This demo application creates sets up and populates a postgresql database using various programming languages.
It loads the person table with random X number of random people with names from the census https://www.census.gov/topics/population/genealogy/data/2010_surnames.html.
The /data folder contains datasets used for random name generation. The /scripts folder has SQL and DDL.
The general flow of the application is as follows:
- Creates person table (drops if exists)
- Loads a few files into variables for sample data
- Call the person generator and pass in the variables from the files
- Insert the people into the person table
Take a look at the [OBSERVATIONS.md] to see a table of the performance of the various languages/frameworks.

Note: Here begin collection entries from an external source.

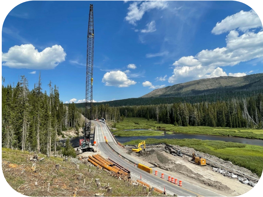
View of the project looking North. (Notice jersey barrier)
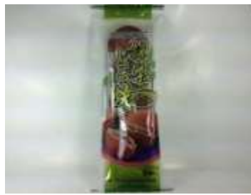
H004 10.5oz x 12 @蛋糕-绿茶

HIYOSHI PASTRY - GREEN TEA (MATCHA DORAYAKI)
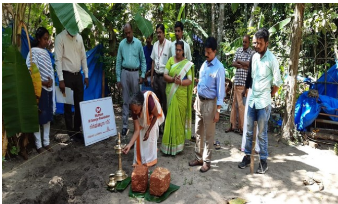
Housing Project at Kumarakam. New Venture by Civil Engg Dept.
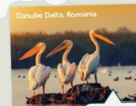
Danube Delta, Romania

"I had such a great time and can't stop telling everyone how good it was!"
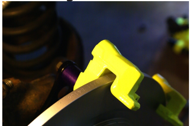
Fig. 9 Bracket w/ spacers
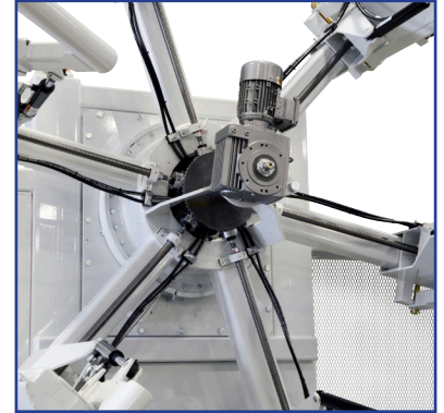
Powered Coil Wheel Expand/Collapse
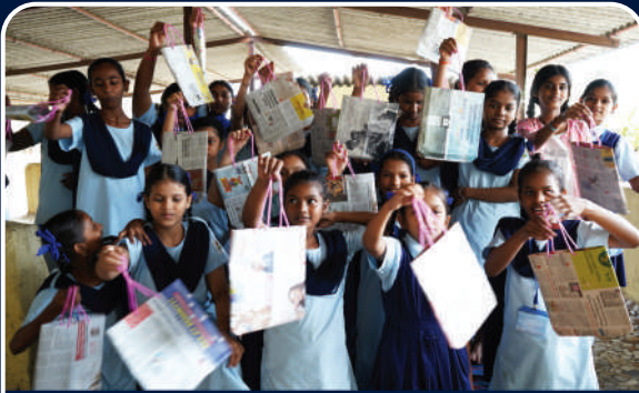
Paper Bag Activity
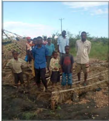
Theological student and his family in front of their home after Cyclone Idai hit Mozambique
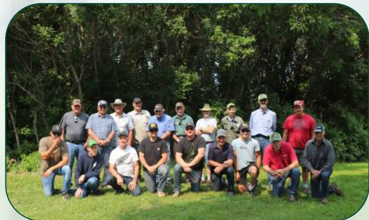
(Above) Rivers Tractor Trek raised $2350 towards the Western Manitoba Cancer Centre
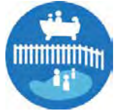
KEEP YOUR HOME SAFER
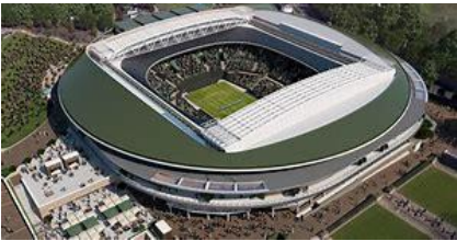
Wimbledon Court One; London
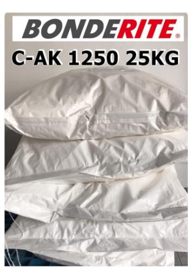
BONDERITE C-AK 1250
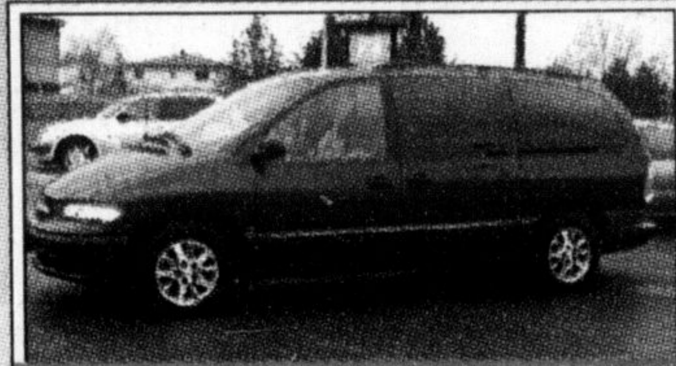
1996 GR CARAVAN SE 3.3 Litre 6 Cyl., Auto, Air, PW, PL, Tilt, Alum Wheels, Child Bench Seat $14,995*
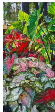
Caladium oil on canvas 36" x 18" $4500

- Connection to a PostgreSQL database
- Basic understanding of SQL
- First name and last name list
- I recommend downloading the three lists as csv at https://www.census.gov/topics/population/genealogy/data/1990_census/1990_census_namefiles.html
- VSCode
- Plugins
- markdownlint (David Anson)
- Markdown Preview Enhanced (Yiyi Wang)
- PostgreSQL (Chris Kolkman)
- Plugins
- Install python
- Install a package manager (pretty sure pip comes w/ python installer above by default)
- Install the PostgreSQL database adapter: psycopg2 (about)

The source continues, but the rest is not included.